Les sept contributions de cette partie présentent chacune une recherche, une méthode, une réflexion, une réalisation abordant une diversité d’objets et de sujets, allant de la construction d’outils d’intervention (cartes, indicateurs), à l’analyse des savoirs qui les fondent (ex : gêne), partant de l’analyse de la position du chercheur pour cheminer vers l’interpellation des métiers de la conception, cheminant de la présentation de nouvelles modalités évaluatives vers une appréhension différente d’évolutions sociales et plus largement de la prégnance habitante des politiques, territoriales, du sonore. Il en ressort de manière transversale une pluralité assumée des manières d’appréhender les problématiques sonores, singulièrement en questionnant les codifications scientifiques et les figures de l’expertise savante, qu’elle soit d’essence modélisatrice, logico-formelle ou phénoménologique.

Philippe Zittoun aborde en premier lieu la politisation du son, singulièrement sous l’angle de la cartographie sonore et de sa cognition politique par les savoirs auxquelles elle donne lieu. Yorghos Remvikos déplie le modèle scientifique historique de la gêne, de ses effets sanitaires et de leur mesure, pour en montrer les implications et limites politiques pour la gestion de phénomènes territorialisés. Philippe Woloszyn et Frédéric Luckel proposent alors d’autres moyens évaluatifs pour nourrir l’approche de l’environnement sonore, particulièrement en mobilisant une connaissance paysagère dialogique entre savoirs, tournés vers la pratique projectuelle de l’environnement urbain. Ceci clôt la première séquence consacrée à l’analyse du sens de la production de connaissances pour les outils et instruments de l’action territoriale.

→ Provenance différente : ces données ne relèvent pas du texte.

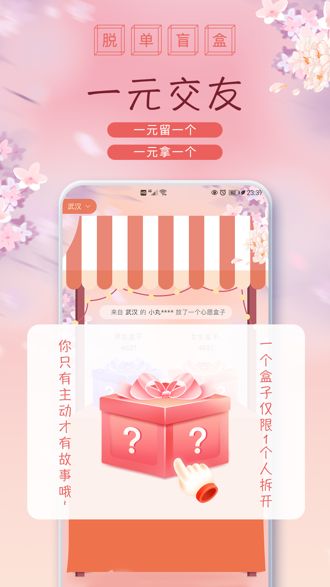 【活动规则】仅需一元就能获得一个盲盒,里面可能藏着你的缘分!平台上汇聚了大量优质单身用户,机会稍纵即逝,快来参与吧!

La deuxième séquence se saisit quant à elle d’un autre dedans, non plus de la construction outillée de l’action, et plus de la production de rationalité elle-même, sous l’angle non plus du modèle encore distancié d’aide à la décision, mais de l’interpellation des producteurs eux-mêmes, directement impliqués dans la fabrique de l’action. Paul-Louis Colon revient sur une expérience de cartographie participative pour notamment livrer le poids des jeux de langage et ainsi questionner son propre rôle scientifique et sa propre position épistémologique dans la

construction visée. Elise Geisler et Théa Manola dressent le portait des limites actuelles et surtout des possibles à venir, ainsi que des évolutions en germe, dans l’interpellation des métiers de la conception de l’espace par la construction du sonore.

Enfin, après l’intérieur des outils et instruments de l’action par le modèle de l’aide à la décision, puis l’intérieur d’une recherche autrement impliquée et des métiers historiquement constitués, la dernière séquence se focalise quant à elle sur la matière sociale et les évolutions phénoménologiques mentionnées au départ. Étienne Walker aborde la question des cohabitations nocturnes dans les hypercentres au prisme des perceptions des ambiances sonores (Caen, Rennes et Paris). Il met alors en « lumière » ce que le sonore permet non seulement de comprendre de l’évolution de pratiques sociales dans l’espace, ainsi que de la chronotopie urbaine, et plus encore annonce des formes nouvelles de régulation. Guillaume Faburel montre quant à lui ce que peuvent apporter les habitants pour la construction de l’action territoriale, à la fois par la compréhension des expériences sonores et de leur habiter, mais plus encore par la composition, légitimation et évaluation de l’action, en adressant des questions vives à l’agencement dit moderne et historique des savoirs et des pouvoirs.